● **To do**
No pictures, everything else exact: set down the entries in full.

_ _ _ _

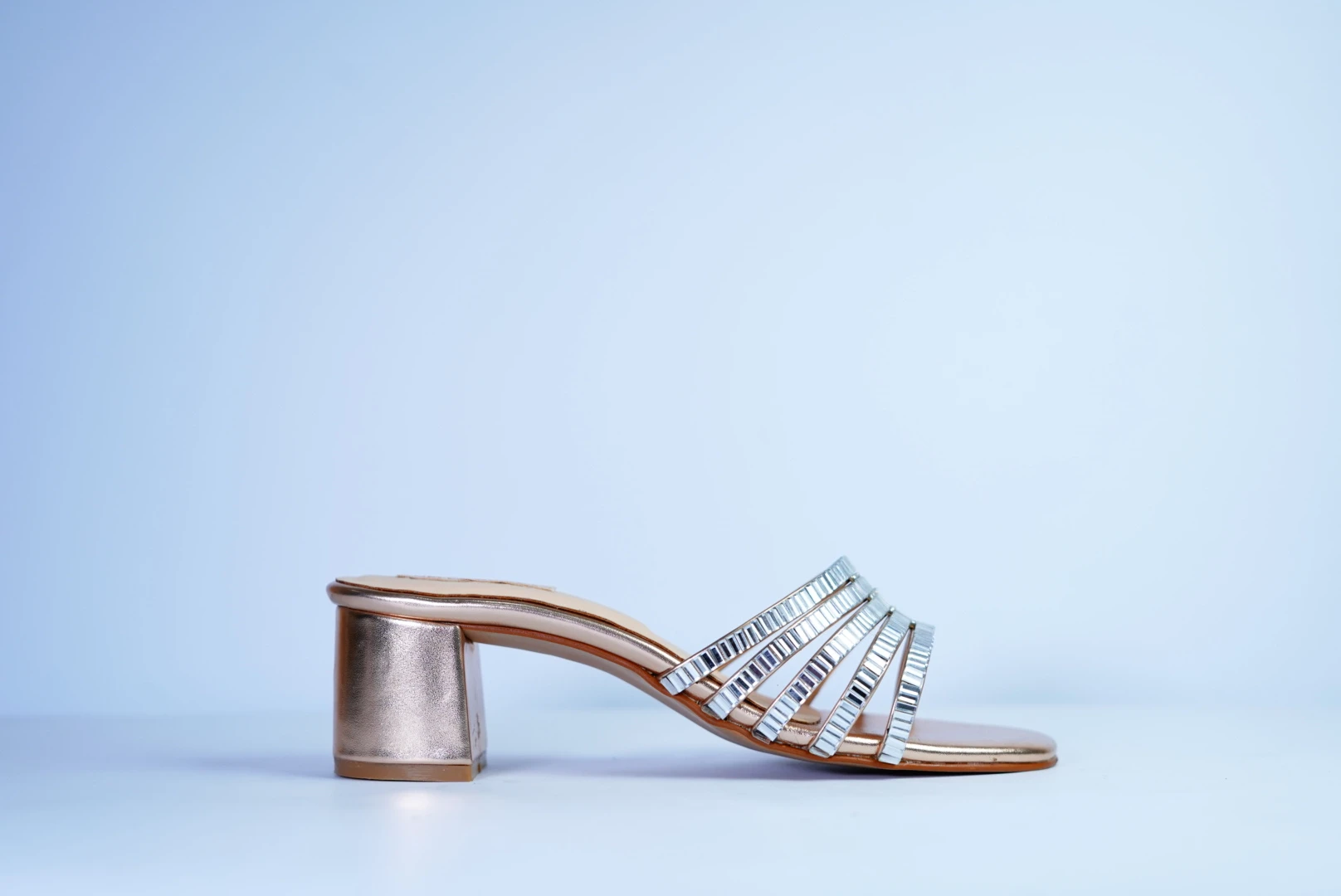 Aurora Heel is adorned with delicate glass detailing that reflects light beautifully.
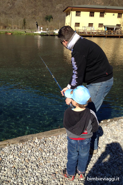 La giornata di sabato ci ha accolto con uno splendido cielo terso e un caldo sole primaverile. I programmi erano di portare Chicco in funivia ad Artavaggio a fare qualche discesa con il bob, ma visto che non era in splendida forma, abbiamo aspettato qualche ora e, nel pomeriggio, abbiamo portato i bambini alla pesca sportiva di Primaluna (Via Fregera, 10, Primaluna, LC).
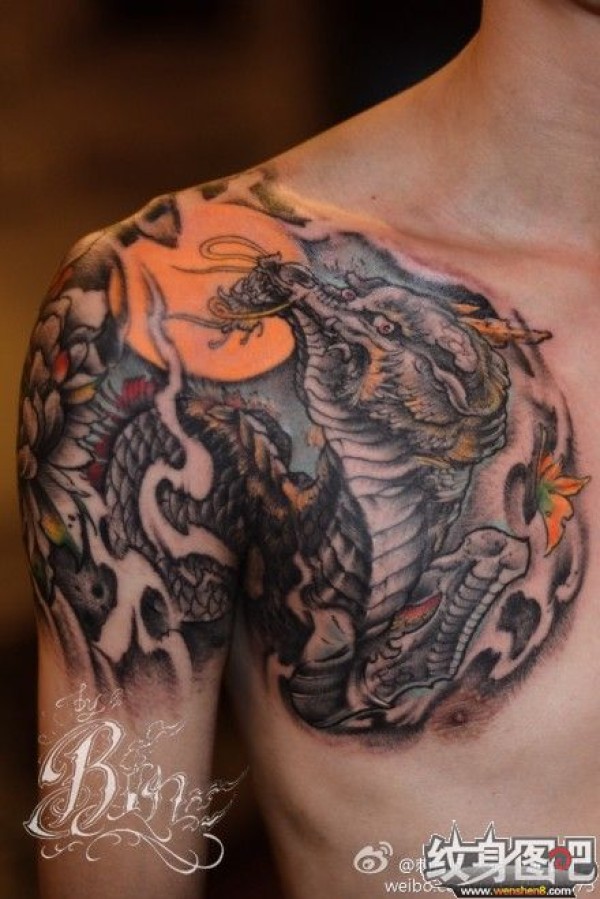 半身盘龙纹身图
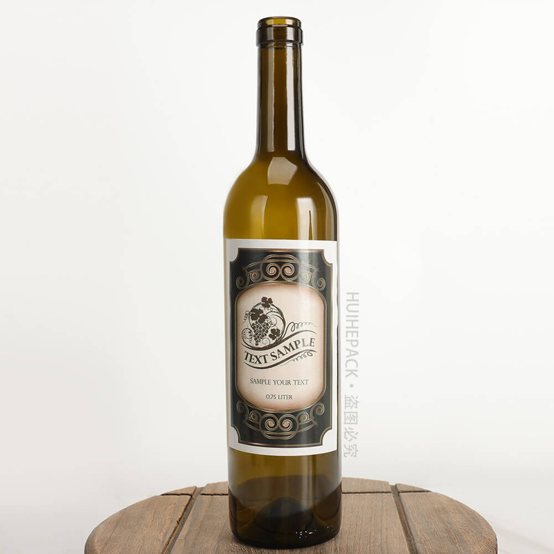 Weinflaschen gibt es in vielen Formen, aber die klassischste ist diese Bordeaux-Flasche. Die Bordeaux-Flasche ist höher, hat glatte Linien und einen dünnen Hals, was ihr ein schlichtes, aber elegantes Aussehen verleiht. Das Etikett der Rotweinflasche enthält viele Informationen über den Wein, wie zum Beispiel die Herkunftsbezeichnung, den Jahrgang, den Namen des Weinguts usw. Das exquisite Etikettendesign verbessert nicht nur die Qualität des Weins, sondern ermöglicht es den Menschen auch, das tiefe Erbe der Weinkultur zu spüren, während sie erlesene Weine genießen. HUIHE PACK bietet maßgeschneiderten Service, wenn Sie individuelle Etiketten für Ihre Marke benötigen Kontaktieren Sie uns!
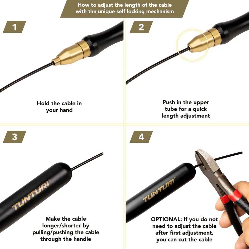 - Stålkabeln är 2,5 millimeter tunn och är skyddad av en PVC-hylsa som gör hopprepet mjukare och bidrar till hållbarheten hos detta premiumhopprep. Det självlåsande systemet gör att repet kan justeras till önskad längd på några sekunder. Handtagen har en bra halkfri beläggning, vilket gör att du inte tappar greppet så lätt. De innehåller kullager som roterar 360 grader för en snabb och jämn rotationshastighet.
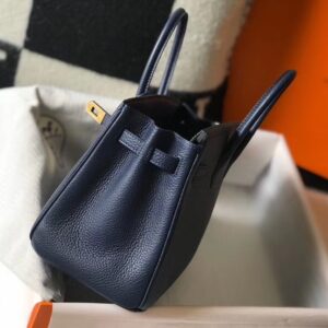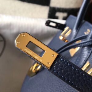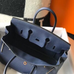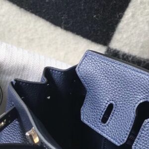 Hermes Birkin 25cm Bag In Navy Blue Clemence Leather

_ _ _ _

● **Solution for this task**
 Aurora Heel is adorned with delicate glass detailing that reflects light beautifully.
 La giornata di sabato ci ha accolto con uno splendido cielo terso e un caldo sole primaverile. I programmi erano di portare Chicco in funivia ad Artavaggio a fare qualche discesa con il bob, ma visto che non era in splendida forma, abbiamo aspettato qualche ora e, nel pomeriggio, abbiamo portato i bambini alla pesca sportiva di Primaluna (Via Fregera, 10, Primaluna, LC).
 半身盘龙纹身图
 Weinflaschen gibt es in vielen Formen, aber die klassischste ist diese Bordeaux-Flasche. Die Bordeaux-Flasche ist höher, hat glatte Linien und einen dünnen Hals, was ihr ein schlichtes, aber elegantes Aussehen verleiht. Das Etikett der Rotweinflasche enthält viele Informationen über den Wein, wie zum Beispiel die Herkunftsbezeichnung, den Jahrgang, den Namen des Weinguts usw. Das exquisite Etikettendesign verbessert nicht nur die Qualität des Weins, sondern ermöglicht es den Menschen auch, das tiefe Erbe der Weinkultur zu spüren, während sie erlesene Weine genießen. HUIHE PACK bietet maßgeschneiderten Service, wenn Sie individuelle Etiketten für Ihre Marke benötigen Kontaktieren Sie uns!
 - Stålkabeln är 2,5 millimeter tunn och är skyddad av en PVC-hylsa som gör hopprepet mjukare och bidrar till hållbarheten hos detta premiumhopprep. Det självlåsande systemet gör att repet kan justeras till önskad längd på några sekunder. Handtagen har en bra halkfri beläggning, vilket gör att du inte tappar greppet så lätt. De innehåller kullager som roterar 360 grader för en snabb och jämn rotationshastighet.
 Hermes Birkin 25cm Bag In Navy Blue Clemence Leather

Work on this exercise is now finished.